Exercise directions
Extract the text of each entry below exactly, leaving every image behind.

Given data
__________________________________________________

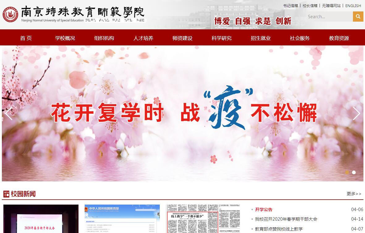 南京特殊教育師范學(xué)院坐落于“博愛之都”南京,是全國唯一一所獨立設(shè)置,以培養(yǎng)特殊教育師資為主,兼及殘疾人高等教育與殘疾人事業(yè)管理與服務(wù)專門人才培養(yǎng)的普通本科高校。學(xué)校前身是1982年教育部創(chuàng)辦的新中國第一所特殊教育師范學(xué)校---南京特殊教育師范學(xué)校,為我國政府與聯(lián)合國兒童基金會的合作項目單位,隸屬教育部管理。1997年學(xué)校劃歸江蘇省人民政府管理,同年開始培養(yǎng)五年制大專生。2002年升格為南京特殊教育職業(yè)技術(shù)學(xué)院,招收三年制應(yīng)屆高中畢業(yè)生。2009年成為中國殘疾人聯(lián)合會和江蘇省人民政府共建單位。2013年經(jīng)教育部批準,學(xué)?;I建“南京特殊教育師范學(xué)院”。2015年學(xué)校正式升格為普通本科高校,開啟本科辦學(xué)。學(xué)校是“江蘇省特殊教育師資培訓(xùn)中心”、“全國殘疾人職業(yè)教育師資培訓(xùn)基地”和全國卓越特殊教育教師培養(yǎng)改革項目單位。學(xué)校先后榮獲“全國特殊教育先進單位”、“全國語言文字規(guī)范化示范?!?、“江蘇省文明單位”、“江蘇省精神文明建設(shè)先進單位”、“江蘇省高校先進基層黨組織”和“江蘇省高等學(xué)校和諧校園”等多項榮譽稱號。學(xué)?,F(xiàn)有燕子磯主校區(qū)和江寧分校區(qū),占地面積502.8畝。主校區(qū)南望巍巍鐘山,北瀕滔滔長江,西接壯麗幕府,東連秀美棲霞。院內(nèi)芳草碧樹廣樓連宇,紅墻白壁短崗靜池,環(huán)境優(yōu)美設(shè)施齊備,人文蔚起博愛塑魂。校舍建筑總面積16.152萬平方米,教學(xué)科研儀器設(shè)備總值4457萬元。圖書館館舍面積11862.7平方米,館藏紙質(zhì)圖書65萬余冊,數(shù)字資源數(shù)據(jù)庫12個,收藏電子圖書140萬余冊,館藏結(jié)構(gòu)以特殊教育與殘疾人事業(yè)類、師范人文類為主,其中盲文書籍館藏量為全國高校第一。學(xué)校建有校內(nèi)實驗(訓(xùn))室61個,在全國建有實習(xí)(訓(xùn))基地129個。特殊兒童康復(fù)實踐教育中心和特殊教育教師實踐教育中心為省級實驗教學(xué)與實踐教育中心。特殊兒童障礙與干預(yù)技術(shù)為省級重點建設(shè)實驗室。建有國內(nèi)第一所教育類專題性歷史博物館——中國特殊教育博物館,館藏特教類實物與文獻2300余件,建有通史館、文獻館、技術(shù)館、體驗館、影視廳。中國殘疾人事業(yè)博物館、集郵館正在籌建中。學(xué)校設(shè)有特殊教育學(xué)院、學(xué)前教育學(xué)院、康復(fù)科學(xué)學(xué)院、音樂學(xué)院、語言學(xué)院、數(shù)學(xué)與信息科學(xué)學(xué)院、管理學(xué)院(殘疾人事業(yè)管理學(xué)院)、美術(shù)學(xué)院/陽光學(xué)院、繼續(xù)教育學(xué)院(省師資培訓(xùn)中心辦公室)、馬克思主義學(xué)院和體育學(xué)院等11個學(xué)院,共開設(shè)38個本、??茖I(yè),涉及教育學(xué)、文學(xué)、管理學(xué)、法學(xué)、理學(xué)、工學(xué)、農(nóng)學(xué)、醫(yī)學(xué)、藝術(shù)學(xué)等九大學(xué)科門類。擁有高等教育教學(xué)成果獎國家級二等獎1項、省級教學(xué)成果獎7項。擁有中央財政支持重點建設(shè)專業(yè)2個,已建成省級品牌、特色專業(yè)4個,特殊教育專業(yè)為江蘇高校品牌專業(yè)建設(shè)工程一期建設(shè)項目。擁有國家級精品資源共享課2門、省級精品課程4門、省級在線開放課程立項課程2門。國家級精品教材2本,省級重點教材5本,省級精品教材7本,省級教學(xué)團隊1個。近5年來,學(xué)校教師出版專著(教材)107部,在中文核心刊物上發(fā)表論文354篇,CSSCI收錄221篇,SSCI、EI論文十余篇。學(xué)校擁有教育學(xué)、公共管理學(xué)2個“十三五”省級重點建設(shè)學(xué)科,1個江蘇高校重點建設(shè)實驗室、1個江蘇高校哲社科校外研究基地、1個江蘇高校哲社科重點研究團隊。學(xué)校與南京師范大學(xué)、南京郵電大學(xué)聯(lián)合開展研究生培養(yǎng)工作。學(xué)校近年來承擔(dān)國家自科基金、國家社科基金、教育部人文社科基金以及教育規(guī)劃重點課題等20余項,承擔(dān)并完成教育部、國家語委、中殘聯(lián)等部委重大、重點課題30余項,作為主要完成單位研制了《義務(wù)教育聾校課程標準 》、《特殊教育教師專業(yè)標準》等國家標準;獲部省級科研成果獎5項,廳局級優(yōu)秀成果獎29項,多項研究成果為中國社科院、中殘聯(lián)等單位批示采納。學(xué)?,F(xiàn)有全日制在校生6172人(其中殘障大學(xué)生488人)。專任教師中具有高級專業(yè)技術(shù)職務(wù)的達56.1%,具有碩士以上學(xué)位的達77.6%。有享受國務(wù)院政府特殊津貼1人,新世紀百千萬人才工程國家級人選1人,第二批國家“萬人計劃”領(lǐng)軍人才1人,中央宣傳部文化名家暨“四個一批”人才1人,教育部新世紀優(yōu)秀人才支持計劃人選1人,省部級有突出貢獻中青年專家3名,省優(yōu)秀教學(xué)團隊2個,省教學(xué)名師2名,省優(yōu)秀教育工作者5名,省“六大人才高峰”高層次人才培養(yǎng)對象4名,省“333高層次人才培養(yǎng)工程”第二、第三層次培養(yǎng)對象18名,省“青藍工程”中青年學(xué)術(shù)帶頭人培養(yǎng)對象11名,省“青藍工程”優(yōu)秀青年骨干教師培養(yǎng)對象26人。建校36年來,
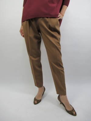 今秋注目のカラーはキャメル色。秋を感じさせますね。キャメルに相性が良いボルドーを合わせてより秋のイメージを演出。またスクエアデザインのニットは身体のラインを上手にカバーしてくれます!スタイリッシュ度70%、エレガンス度30%。
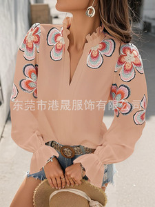 クロスボーダー貿易トップ Tiktok 新しいファッション V ネックパフスリーブフリルプリント無地 T レディースシャツ
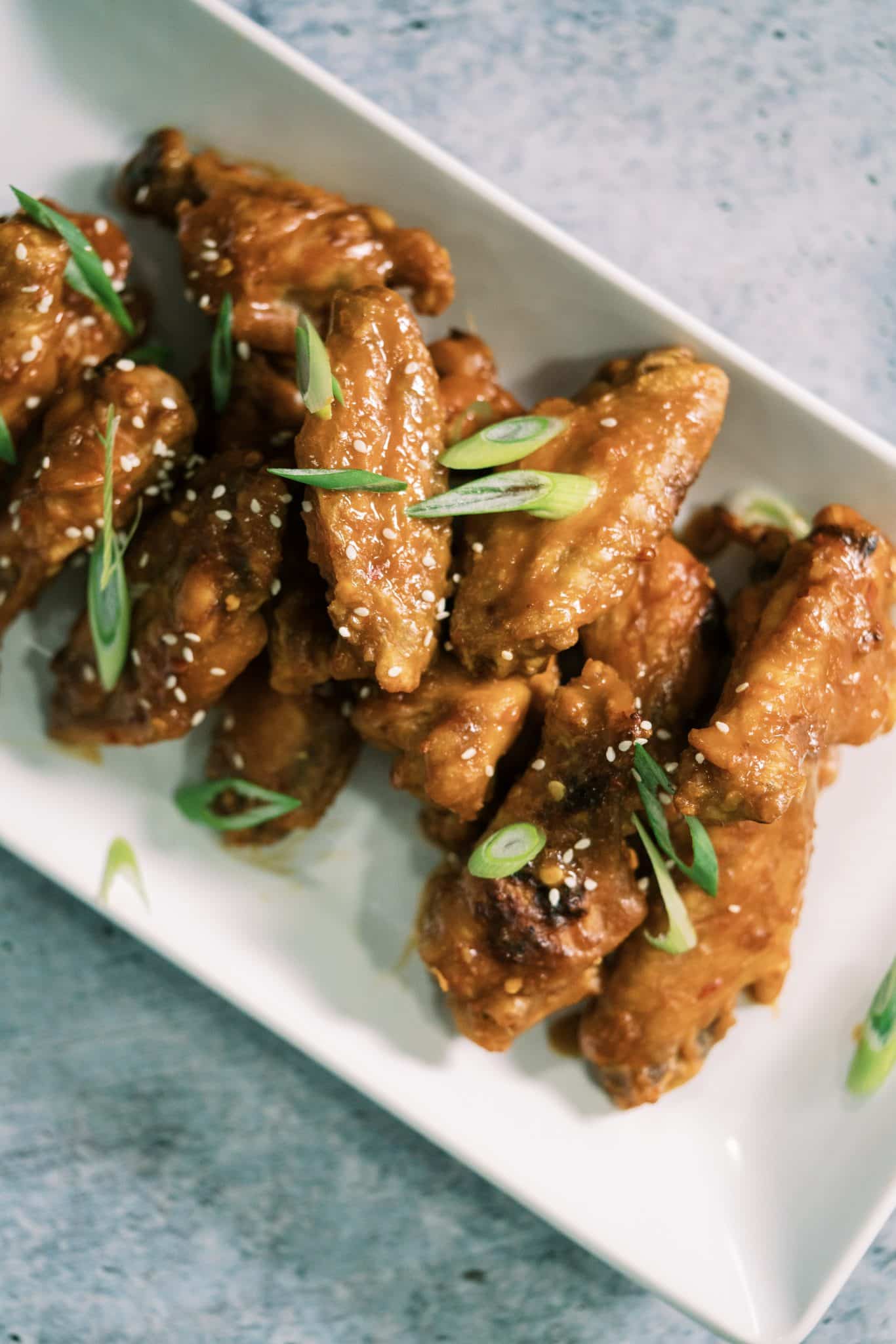 2. Rinse the wings and drumettes, pat them dry and transfer them to a large bowl. Toss the wings with avocado oil, sesame oil, and salt. Place the wings on a baking rack placed on top of a foil-lined baking sheet, spreading wings into a single layer to ensure they aren’t touching.
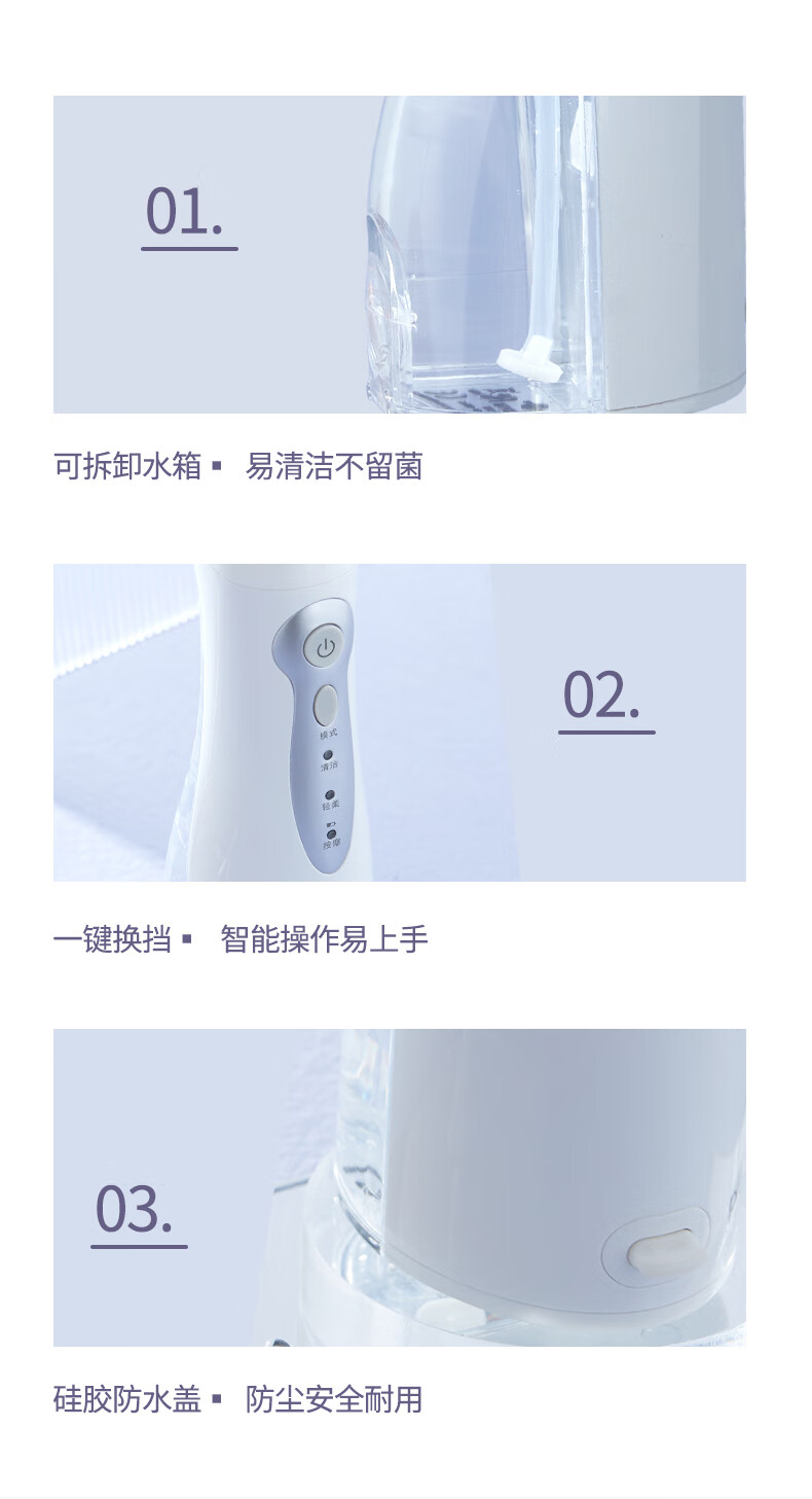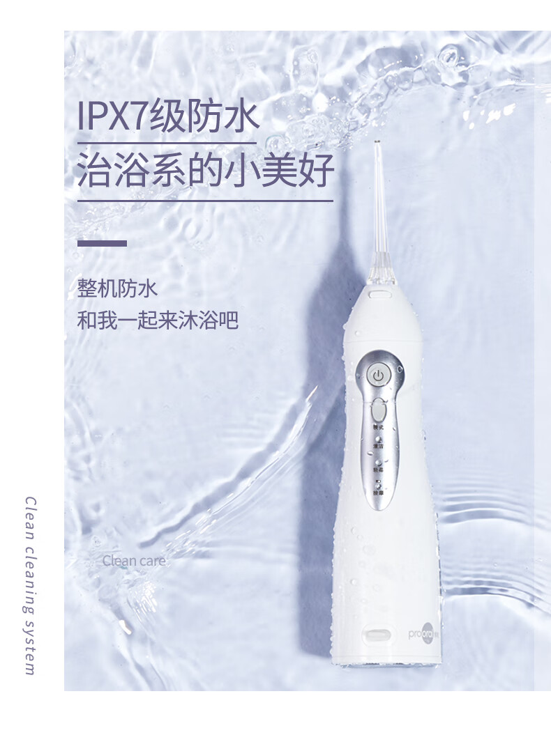 博皓(prooral)电动冲牙器便携式洗牙器家用水牙线冲洗器牙齿清洁器正畸口腔护理牙缝洁牙器去牙垢牙结石实用礼物 F38 白色| 300ML大水箱
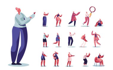 Yaşlı kadın hastalıkları, ağrı sorun arkada, boyun, kol, kalp, diz ve baş. Üst düzey sağlık renkli çizgi film karakterleri detaylı vektör çizimler ayarla
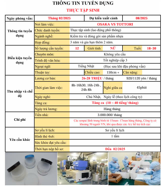 Thực tập sinh (Lao động phổ thông): Kiểm tra và đóng gói sản phẩm.

__________________________________________________

Response box
 南京特殊教育師范學(xué)院坐落于“博愛之都”南京,是全國唯一一所獨立設(shè)置,以培養(yǎng)特殊教育師資為主,兼及殘疾人高等教育與殘疾人事業(yè)管理與服務(wù)專門人才培養(yǎng)的普通本科高校。學(xué)校前身是1982年教育部創(chuàng)辦的新中國第一所特殊教育師范學(xué)校---南京特殊教育師范學(xué)校,為我國政府與聯(lián)合國兒童基金會的合作項目單位,隸屬教育部管理。1997年學(xué)校劃歸江蘇省人民政府管理,同年開始培養(yǎng)五年制大專生。2002年升格為南京特殊教育職業(yè)技術(shù)學(xué)院,招收三年制應(yīng)屆高中畢業(yè)生。2009年成為中國殘疾人聯(lián)合會和江蘇省人民政府共建單位。2013年經(jīng)教育部批準,學(xué)?;I建“南京特殊教育師范學(xué)院”。2015年學(xué)校正式升格為普通本科高校,開啟本科辦學(xué)。學(xué)校是“江蘇省特殊教育師資培訓(xùn)中心”、“全國殘疾人職業(yè)教育師資培訓(xùn)基地”和全國卓越特殊教育教師培養(yǎng)改革項目單位。學(xué)校先后榮獲“全國特殊教育先進單位”、“全國語言文字規(guī)范化示范?!?、“江蘇省文明單位”、“江蘇省精神文明建設(shè)先進單位”、“江蘇省高校先進基層黨組織”和“江蘇省高等學(xué)校和諧校園”等多項榮譽稱號。學(xué)?,F(xiàn)有燕子磯主校區(qū)和江寧分校區(qū),占地面積502.8畝。主校區(qū)南望巍巍鐘山,北瀕滔滔長江,西接壯麗幕府,東連秀美棲霞。院內(nèi)芳草碧樹廣樓連宇,紅墻白壁短崗靜池,環(huán)境優(yōu)美設(shè)施齊備,人文蔚起博愛塑魂。校舍建筑總面積16.152萬平方米,教學(xué)科研儀器設(shè)備總值4457萬元。圖書館館舍面積11862.7平方米,館藏紙質(zhì)圖書65萬余冊,數(shù)字資源數(shù)據(jù)庫12個,收藏電子圖書140萬余冊,館藏結(jié)構(gòu)以特殊教育與殘疾人事業(yè)類、師范人文類為主,其中盲文書籍館藏量為全國高校第一。學(xué)校建有校內(nèi)實驗(訓(xùn))室61個,在全國建有實習(xí)(訓(xùn))基地129個。特殊兒童康復(fù)實踐教育中心和特殊教育教師實踐教育中心為省級實驗教學(xué)與實踐教育中心。特殊兒童障礙與干預(yù)技術(shù)為省級重點建設(shè)實驗室。建有國內(nèi)第一所教育類專題性歷史博物館——中國特殊教育博物館,館藏特教類實物與文獻2300余件,建有通史館、文獻館、技術(shù)館、體驗館、影視廳。中國殘疾人事業(yè)博物館、集郵館正在籌建中。學(xué)校設(shè)有特殊教育學(xué)院、學(xué)前教育學(xué)院、康復(fù)科學(xué)學(xué)院、音樂學(xué)院、語言學(xué)院、數(shù)學(xué)與信息科學(xué)學(xué)院、管理學(xué)院(殘疾人事業(yè)管理學(xué)院)、美術(shù)學(xué)院/陽光學(xué)院、繼續(xù)教育學(xué)院(省師資培訓(xùn)中心辦公室)、馬克思主義學(xué)院和體育學(xué)院等11個學(xué)院,共開設(shè)38個本、??茖I(yè),涉及教育學(xué)、文學(xué)、管理學(xué)、法學(xué)、理學(xué)、工學(xué)、農(nóng)學(xué)、醫(yī)學(xué)、藝術(shù)學(xué)等九大學(xué)科門類。擁有高等教育教學(xué)成果獎國家級二等獎1項、省級教學(xué)成果獎7項。擁有中央財政支持重點建設(shè)專業(yè)2個,已建成省級品牌、特色專業(yè)4個,特殊教育專業(yè)為江蘇高校品牌專業(yè)建設(shè)工程一期建設(shè)項目。擁有國家級精品資源共享課2門、省級精品課程4門、省級在線開放課程立項課程2門。國家級精品教材2本,省級重點教材5本,省級精品教材7本,省級教學(xué)團隊1個。近5年來,學(xué)校教師出版專著(教材)107部,在中文核心刊物上發(fā)表論文354篇,CSSCI收錄221篇,SSCI、EI論文十余篇。學(xué)校擁有教育學(xué)、公共管理學(xué)2個“十三五”省級重點建設(shè)學(xué)科,1個江蘇高校重點建設(shè)實驗室、1個江蘇高校哲社科校外研究基地、1個江蘇高校哲社科重點研究團隊。學(xué)校與南京師范大學(xué)、南京郵電大學(xué)聯(lián)合開展研究生培養(yǎng)工作。學(xué)校近年來承擔(dān)國家自科基金、國家社科基金、教育部人文社科基金以及教育規(guī)劃重點課題等20余項,承擔(dān)并完成教育部、國家語委、中殘聯(lián)等部委重大、重點課題30余項,作為主要完成單位研制了《義務(wù)教育聾校課程標準 》、《特殊教育教師專業(yè)標準》等國家標準;獲部省級科研成果獎5項,廳局級優(yōu)秀成果獎29項,多項研究成果為中國社科院、中殘聯(lián)等單位批示采納。學(xué)?,F(xiàn)有全日制在校生6172人(其中殘障大學(xué)生488人)。專任教師中具有高級專業(yè)技術(shù)職務(wù)的達56.1%,具有碩士以上學(xué)位的達77.6%。有享受國務(wù)院政府特殊津貼1人,新世紀百千萬人才工程國家級人選1人,第二批國家“萬人計劃”領(lǐng)軍人才1人,中央宣傳部文化名家暨“四個一批”人才1人,教育部新世紀優(yōu)秀人才支持計劃人選1人,省部級有突出貢獻中青年專家3名,省優(yōu)秀教學(xué)團隊2個,省教學(xué)名師2名,省優(yōu)秀教育工作者5名,省“六大人才高峰”高層次人才培養(yǎng)對象4名,省“333高層次人才培養(yǎng)工程”第二、第三層次培養(yǎng)對象18名,省“青藍工程”中青年學(xué)術(shù)帶頭人培養(yǎng)對象11名,省“青藍工程”優(yōu)秀青年骨干教師培養(yǎng)對象26人。建校36年來,
 今秋注目のカラーはキャメル色。秋を感じさせますね。キャメルに相性が良いボルドーを合わせてより秋のイメージを演出。またスクエアデザインのニットは身体のラインを上手にカバーしてくれます!スタイリッシュ度70%、エレガンス度30%。
 クロスボーダー貿易トップ Tiktok 新しいファッション V ネックパフスリーブフリルプリント無地 T レディースシャツ
 2. Rinse the wings and drumettes, pat them dry and transfer them to a large bowl. Toss the wings with avocado oil, sesame oil, and salt. Place the wings on a baking rack placed on top of a foil-lined baking sheet, spreading wings into a single layer to ensure they aren’t touching.
 博皓(prooral)电动冲牙器便携式洗牙器家用水牙线冲洗器牙齿清洁器正畸口腔护理牙缝洁牙器去牙垢牙结石实用礼物 F38 白色| 300ML大水箱
 Yaşlı kadın hastalıkları, ağrı sorun arkada, boyun, kol, kalp, diz ve baş. Üst düzey sağlık renkli çizgi film karakterleri detaylı vektör çizimler ayarla
 Thực tập sinh (Lao động phổ thông): Kiểm tra và đóng gói sản phẩm.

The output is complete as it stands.